Your task >> What is needed is a word-for-word copy of the lines below from the one with "Utwórz w ten" through the one with "Jill Stuart Linen", both included, with every picture left out.

Information given >>
_ _ _

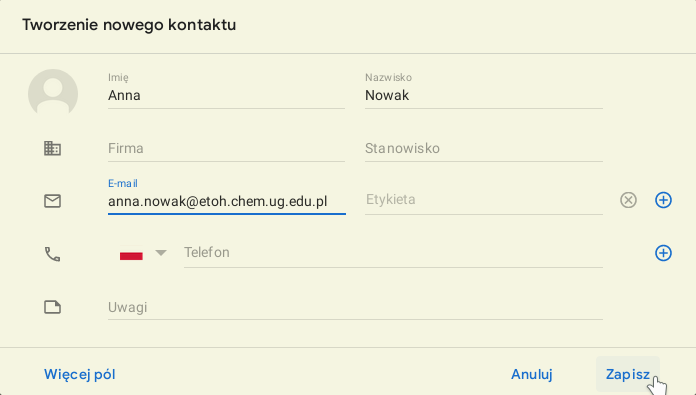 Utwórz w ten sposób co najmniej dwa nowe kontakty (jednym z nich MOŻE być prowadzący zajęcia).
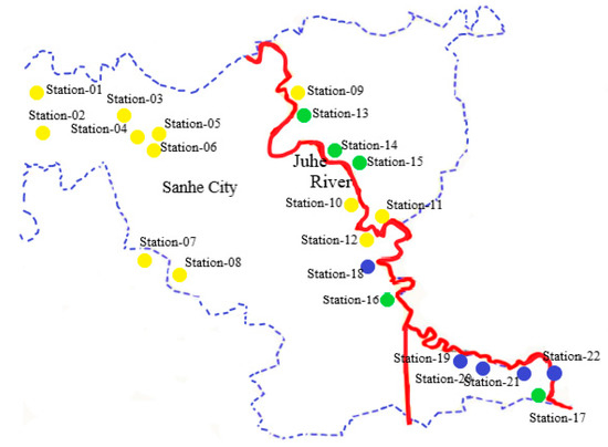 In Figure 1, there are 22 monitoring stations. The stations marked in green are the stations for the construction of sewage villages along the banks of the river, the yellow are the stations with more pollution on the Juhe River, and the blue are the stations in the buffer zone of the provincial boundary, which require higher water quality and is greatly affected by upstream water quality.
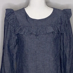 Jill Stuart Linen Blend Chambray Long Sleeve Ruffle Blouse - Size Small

_ _ _

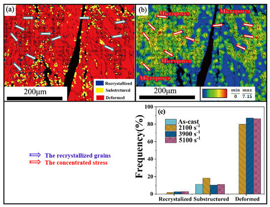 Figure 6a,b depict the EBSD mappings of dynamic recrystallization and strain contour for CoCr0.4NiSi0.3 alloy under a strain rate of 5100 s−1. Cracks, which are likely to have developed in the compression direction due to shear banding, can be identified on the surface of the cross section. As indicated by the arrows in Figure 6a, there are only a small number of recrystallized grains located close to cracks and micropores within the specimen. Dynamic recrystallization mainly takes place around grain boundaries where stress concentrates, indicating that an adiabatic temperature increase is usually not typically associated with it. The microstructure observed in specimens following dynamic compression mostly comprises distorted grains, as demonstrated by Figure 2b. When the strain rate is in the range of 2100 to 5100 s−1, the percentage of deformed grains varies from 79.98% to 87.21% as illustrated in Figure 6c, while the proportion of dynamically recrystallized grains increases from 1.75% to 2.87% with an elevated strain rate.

_ _ _

Exercise output >>
 Utwórz w ten sposób co najmniej dwa nowe kontakty (jednym z nich MOŻE być prowadzący zajęcia).
 In Figure 1, there are 22 monitoring stations. The stations marked in green are the stations for the construction of sewage villages along the banks of the river, the yellow are the stations with more pollution on the Juhe River, and the blue are the stations in the buffer zone of the provincial boundary, which require higher water quality and is greatly affected by upstream water quality.
 Jill Stuart Linen Blend Chambray Long Sleeve Ruffle Blouse - Size Small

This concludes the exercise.